[DATA EXTRACTS]:
BEGIN
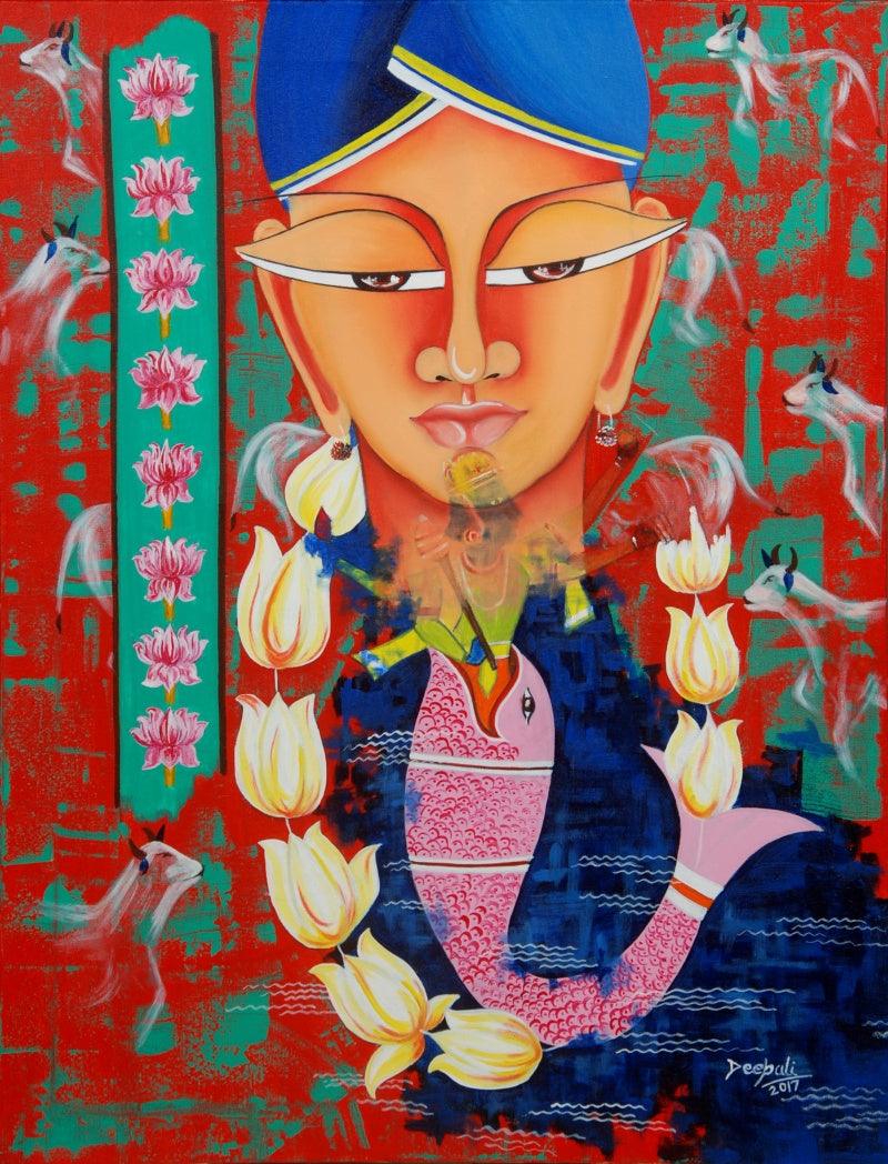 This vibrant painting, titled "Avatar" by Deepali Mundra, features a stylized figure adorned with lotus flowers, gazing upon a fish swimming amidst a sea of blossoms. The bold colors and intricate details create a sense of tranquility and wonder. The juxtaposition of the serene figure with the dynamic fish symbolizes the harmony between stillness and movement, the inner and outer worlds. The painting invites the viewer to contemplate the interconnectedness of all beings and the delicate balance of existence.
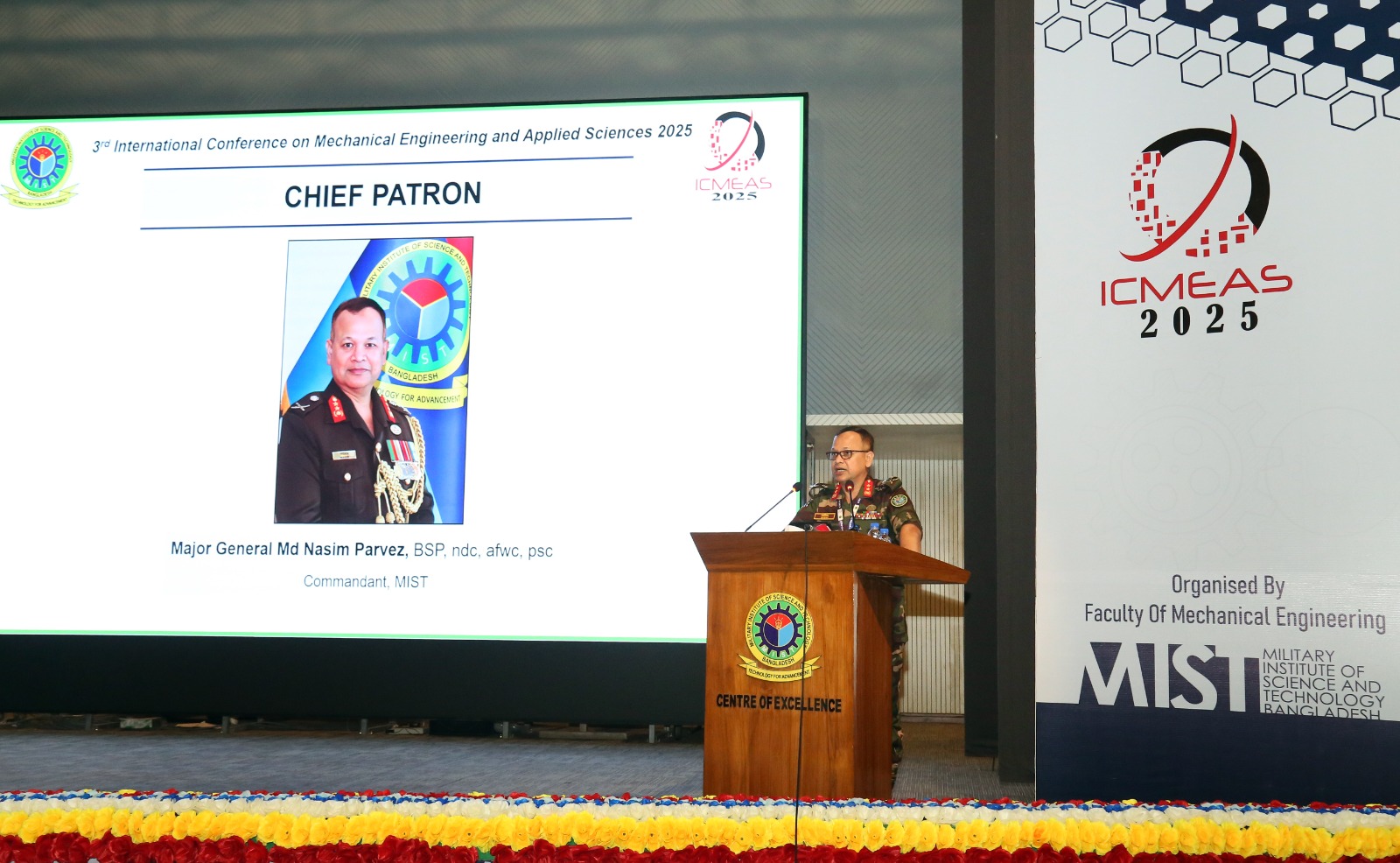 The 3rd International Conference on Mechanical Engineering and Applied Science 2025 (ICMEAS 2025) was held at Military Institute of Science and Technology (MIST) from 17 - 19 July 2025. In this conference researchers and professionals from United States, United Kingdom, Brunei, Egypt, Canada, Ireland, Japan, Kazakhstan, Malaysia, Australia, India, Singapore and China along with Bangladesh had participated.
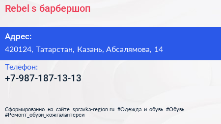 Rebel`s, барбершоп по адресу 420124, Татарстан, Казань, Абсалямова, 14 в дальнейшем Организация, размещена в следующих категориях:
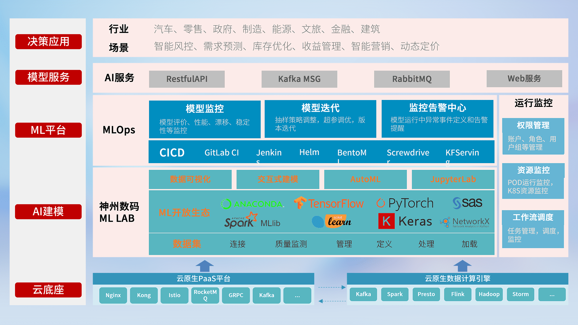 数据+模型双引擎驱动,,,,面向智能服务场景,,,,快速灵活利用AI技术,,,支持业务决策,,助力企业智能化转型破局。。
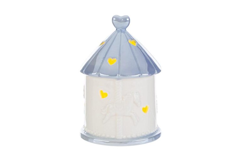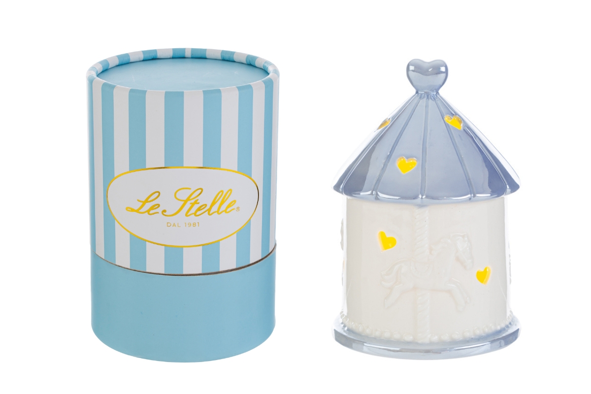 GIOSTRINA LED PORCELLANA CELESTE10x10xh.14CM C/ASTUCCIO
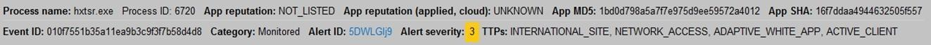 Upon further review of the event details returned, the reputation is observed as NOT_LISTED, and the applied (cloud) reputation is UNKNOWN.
END
BEGIN
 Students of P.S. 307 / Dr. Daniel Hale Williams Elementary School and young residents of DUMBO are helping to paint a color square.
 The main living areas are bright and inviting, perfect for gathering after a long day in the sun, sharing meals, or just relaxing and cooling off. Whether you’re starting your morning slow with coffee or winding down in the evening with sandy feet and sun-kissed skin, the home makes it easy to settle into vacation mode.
END
[PROBLEM]: Could you set down, word for word, only the lines above from the line with "Students of P.S." to the line with "The main living", including both?

[EXERCISE SOLUTION]:
 Students of P.S. 307 / Dr. Daniel Hale Williams Elementary School and young residents of DUMBO are helping to paint a color square.
 The main living areas are bright and inviting, perfect for gathering after a long day in the sun, sharing meals, or just relaxing and cooling off. Whether you’re starting your morning slow with coffee or winding down in the evening with sandy feet and sun-kissed skin, the home makes it easy to settle into vacation mode.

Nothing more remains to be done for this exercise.